Extinct family of fishes

Dunkleosteidae is an extinct family of arthrodire placoderms that lived during the Devonian period. The gigantic apex predator Dunkleosteus terrelli is the best known member of this group.

==Phylogeny==
While members of Dunkleosteidae were previously thought to be close relatives of the genus Dinichthys (when they were not synonymized as each other) and grouped together in the family Dinichthyidae, more recent phylogenetic studies have shown that the two taxa represent two very distinct clades within Arthrodira.

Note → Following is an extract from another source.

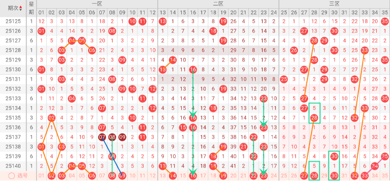 三区(25-35)分析:上期该区开出号码 30 35,近10期占比24%,与上期相比-2%。本期三斜连号趋势:33,无隔码斜连走势。清晰地揭示了一个完整的断区-启动-延续的回补周期。近两期共开出3码,标志着回补已确立,~。在~模式下,开出1个号码是基准情景,但需警惕~开出2个的稍强走势。综合判断,本期暂看1个,防2个。上期仅出大号34,显示~,并以~主导。推荐关注号码:27、28、30、32、33。

Dunkleosteidae was then established as the sister taxon to the family Panxiosteidae, which together comprised the superfamily Dunkleosteoidea (one of the three major clades of Eubrachythoraci). Dunkleosteidae was thus cladistically defined as including the type genus Dunkleosteus and all other genera in Dunkleosteoidea more closely related to Dunkleosteus than to Panxiosteus.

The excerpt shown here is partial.